Jet-lag and deadlines

Nate DiMeo Jan 7, 2006

This is my third trip to China in four months, and if I’ve come to understand anything about this fascinating, enormous, staggering country, it’s that I’ve got to take a sleeping pill on the third night.

It’s the same thing every time: I get off the plane, I force myself to stay up till a realistic bedtime, I take half of my doctor-prescribed, heavily-advertised sleep aid, I sleep through the night. I feel sort of miserable all day the next day. I do the same thing the next night and I hit my stride when you wake up. I get all of my work done — I’m a foreign-correspondence machine — I fall in love with travelling all over again, I feel great at the end of the night and I settle in after a long day ready to sleep the sleep of the dead. And I forget to take the half a pill.

So I spent the hour of 4:45-5:45 a.m. yesterday morning wondering why I never learn. Then I spent all but fifteen minutes (a frozen walk to the convenience store down the block) of a day that finally ended with a 1:45 a.m. e-mail to the office in L.A., here at the PuJiang hotel, working to get ready for the big day-one broadcast on Monday. All the while feeling brutalized by jet-lag.

Today, I woke up at mid-morning (having not repeated my sleeping pill mistake of the night before)and took a quick walk to find a late breakfast before starting what I knew would be another long day in Room 206 working at the computer.

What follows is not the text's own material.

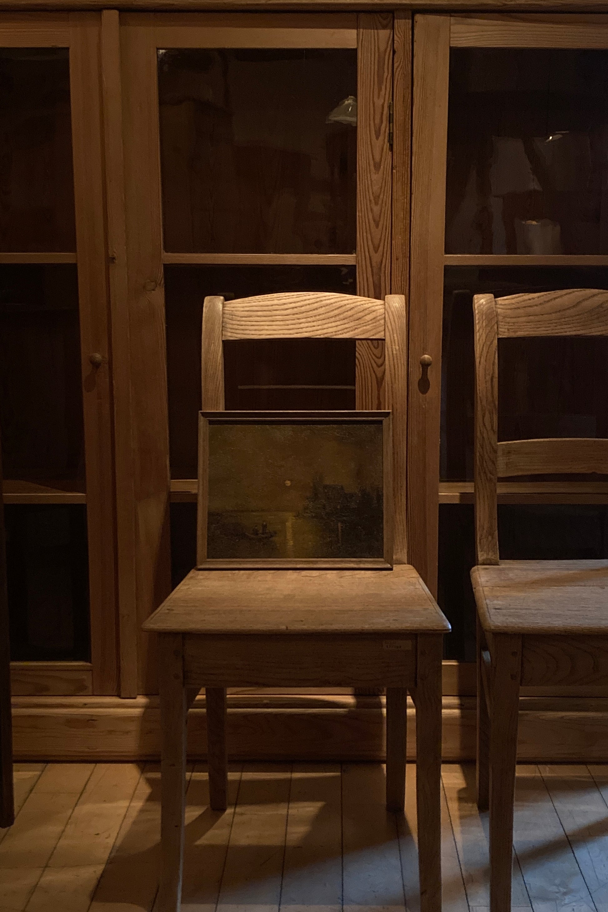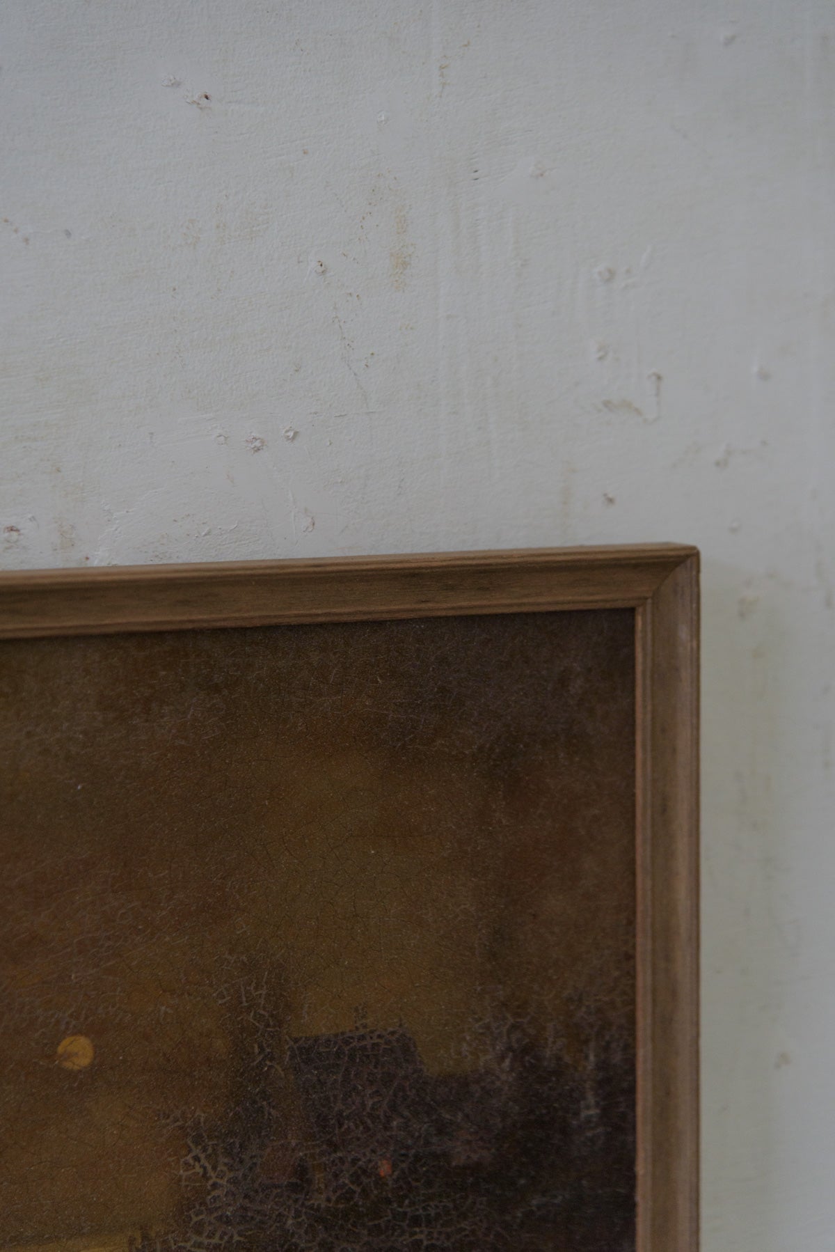 19世紀末〜20世紀初頭、月明かりが美しく描かれた風景画。表面のクラックも含めて非常に雰囲気のある絵です。

I bundled up against the cold and walked out of the hotel thinking I was glad I’d been able to see a lot of Shanghai on my previous trips to China, because who knows what I’d get to see this time (what with the deadlines and all the work to do).

I was out and about for an hour tops. And I was reminded of just how much you can see in an hour here: I saw men defying all manner of international treaty by walking down the streets selling pelts of tigers and various endangered species. I saw billboards enclosing a construction site extolling the virtues of the new mall being built within: “Wealth! Team! Sparsity!” I saw a businessman get a straight-edge-razor shave in a barber chair in an alley (in 25-degree weather). I ate sitting at a plastic table outside at one of the tiny restaurants in the alleys in one of the city’s old neighborhoods. Had a huge bowl of noodles and and cilantro with a group of migrant workers from the “Wealth! Team! Sparsity!” construction site. Fumbled through the rudiments of a conversation in Mandarin. Lunch was 3 RMB — less than half a buck.

Had a couple of days worth of adventure in a little more than an hour. Now I just need a little sleep.